Go through the listing below and retype exactly the lines starting at the one with "Bord de lac, huile" and ending at the one with "ひとり旅でも2食付きプランで", skipping pictures.
DATA FOR THIS EXERCISE START
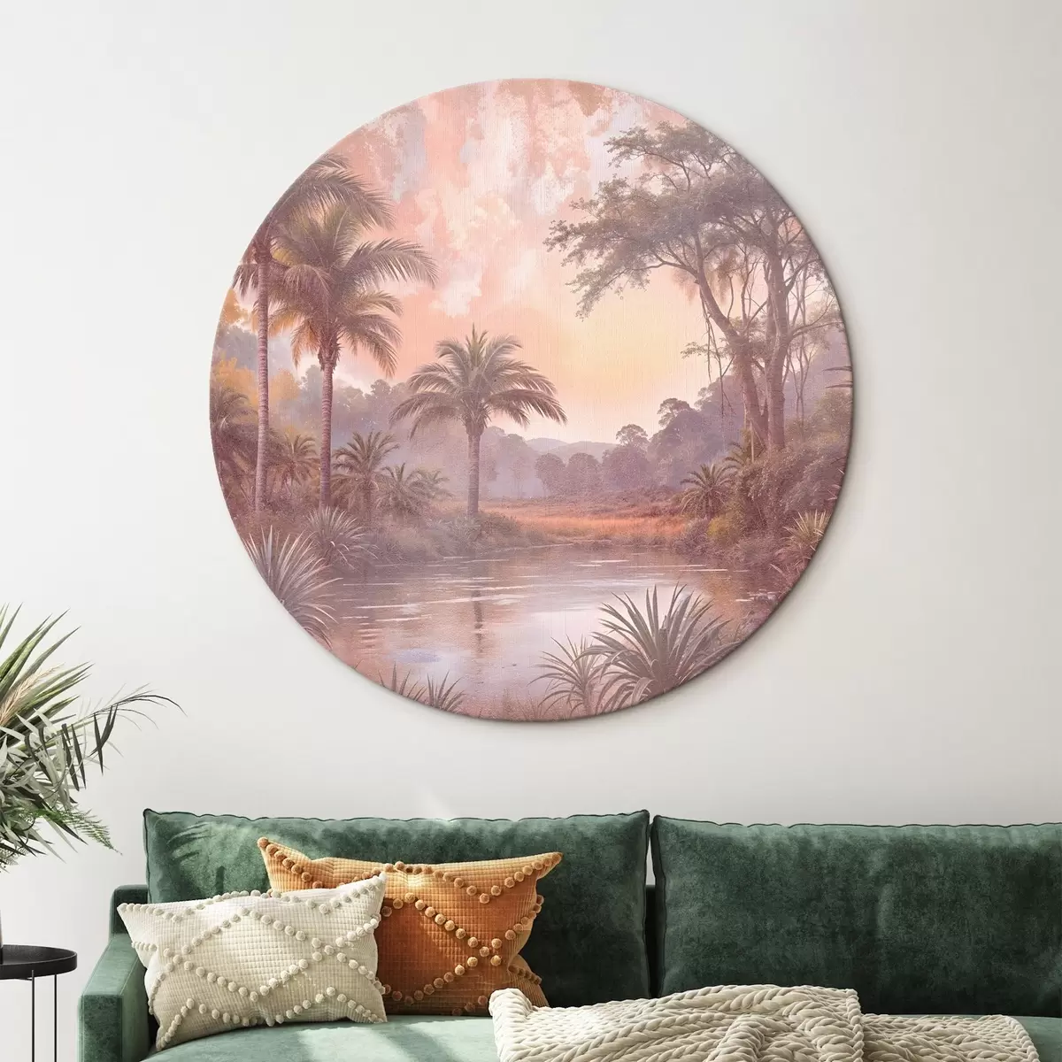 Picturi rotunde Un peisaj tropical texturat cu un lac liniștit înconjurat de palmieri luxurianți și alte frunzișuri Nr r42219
DATA FOR THIS EXERCISE END
DATA FOR THIS EXERCISE START
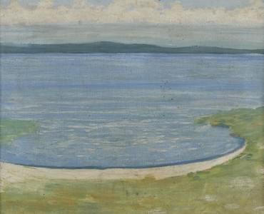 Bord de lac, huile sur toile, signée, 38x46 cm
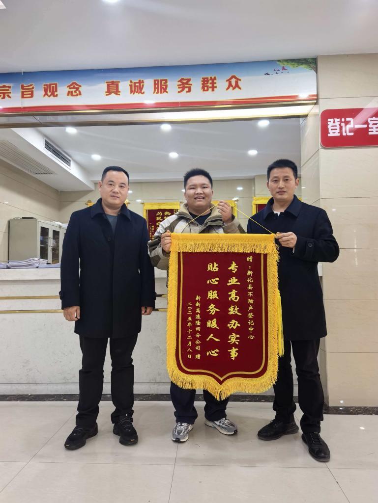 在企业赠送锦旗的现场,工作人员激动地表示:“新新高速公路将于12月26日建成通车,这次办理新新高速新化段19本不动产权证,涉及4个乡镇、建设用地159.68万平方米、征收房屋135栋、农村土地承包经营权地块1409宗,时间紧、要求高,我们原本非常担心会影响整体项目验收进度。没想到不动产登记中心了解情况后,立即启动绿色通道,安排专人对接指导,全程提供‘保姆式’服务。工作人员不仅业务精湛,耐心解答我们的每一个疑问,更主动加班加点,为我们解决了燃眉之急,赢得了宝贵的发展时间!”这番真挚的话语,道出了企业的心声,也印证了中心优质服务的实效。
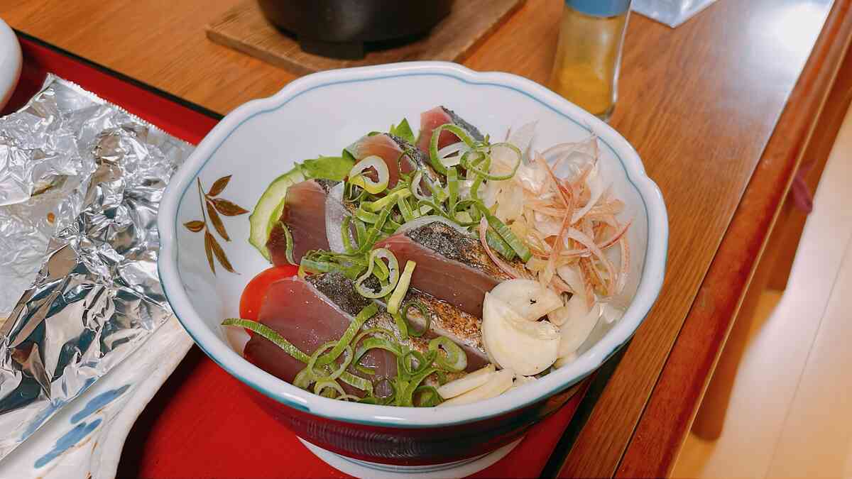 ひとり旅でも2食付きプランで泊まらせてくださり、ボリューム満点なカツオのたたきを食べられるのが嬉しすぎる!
DATA FOR THIS EXERCISE END
(SOLVED EXERCISE):
 Bord de lac, huile sur toile, signée, 38x46 cm
 在企业赠送锦旗的现场,工作人员激动地表示:“新新高速公路将于12月26日建成通车,这次办理新新高速新化段19本不动产权证,涉及4个乡镇、建设用地159.68万平方米、征收房屋135栋、农村土地承包经营权地块1409宗,时间紧、要求高,我们原本非常担心会影响整体项目验收进度。没想到不动产登记中心了解情况后,立即启动绿色通道,安排专人对接指导,全程提供‘保姆式’服务。工作人员不仅业务精湛,耐心解答我们的每一个疑问,更主动加班加点,为我们解决了燃眉之急,赢得了宝贵的发展时间!”这番真挚的话语,道出了企业的心声,也印证了中心优质服务的实效。
 ひとり旅でも2食付きプランで泊まらせてくださり、ボリューム満点なカツオのたたきを食べられるのが嬉しすぎる!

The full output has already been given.